You are at especially high risk of vitamin D deficiency-related osteoporosis if you are predisposed to vitamin D deficiency. There is one exception when comparing the risks of vitamin D deficiency and osteoporosis. Although people of African descent living in higher latitudes are at higher risk of vitamin D deficiency because their bodies don’t convert sunlight into vitamin D as easily as races with fairer skin, they do not appear to be at a higher risk of osteoporosis than those with fairer skin. The reason for this is that people of African genetic lineage tend to start with 9 percent to 15 percent denser bones than Caucasian people. However, chronic vitamin D deficiency will overcome this natural protection and cause African Americans to suffer increased loss of bone density and risk of fracture.
An indication of the importance of vitamin D on the bone density of seniors was found in a study my colleagues and I did of senior citizens living in Maine, which showed that they lost 3 percent to 4 percent of their bone mass in the fall and winter and regained it in the spring and summer months. Obviously, the most serious problem associated with osteoporosis is fractures. As noted previously, osteoporosis is responsible for 1.5 million fractures each year, most notably fractures of the vertebrae (causing the hunched appearance often seen in elderly women and painful sciatica due to nerve compression in the lower back), ribs, wrists, and hips. Hip fractures tend to be crippling and are sometimes fatal.

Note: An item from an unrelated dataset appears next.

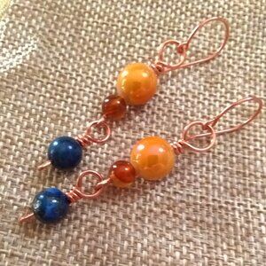 Hand-twisted copper jewelry wire adds an eclectic element, while custom shaped copper earhooks ensure comfort and an artisanal flair. Whether you're sipping cider at the pumpkin patch or dressing up for a crisp evening out, these earrings bring warmth, whimsy, and a touch of boho elegance to any look.

Osteoporosis-related fractures are more common during the winter months, when muscles tend to be weaker and there’s an increased risk of falling. Unless a person remains active during the winter months, thus keeping up muscle mass and bone strength, there’s a greater likelihood of falling and breaking bones. A
vitamin D deficiency could worsen the situation, since UVB-absent winter months require adequate storage of vitamin D for use and vitamin D supplementation.
Because there is no pain until a fracture occurs, osteoporosis is known as the silent threat. Numerous studies have shown that vitamin D—usually in conjunction with calcium—is an effective treatment for increasing or maintaining bone density and preventing fractures associated with osteoporosis.
Finnish researchers found that 341 elderly people (mostly women ages seventy-five and older) who were given vitamin D injections experienced fewer fractures than 458 people who did not receive the supplements. A French study of 3,270 elderly women showed 43 percent fewer hip fractures in participants who were given an 800 IU vitamin D supplement every day and 800 milligrams of calcium than in those participants who were given a placebo. A study of a less high-risk group was done by Dr. Bess Dawson-Hughes and her colleagues in the Boston area when 391 men and women ages sixty-five and older were given either a 700 IU vitamin D supplement or a placebo. The results showed that the participants who were given the supplement sustained half as many fractures as the placebo group and experienced significant bone density increases.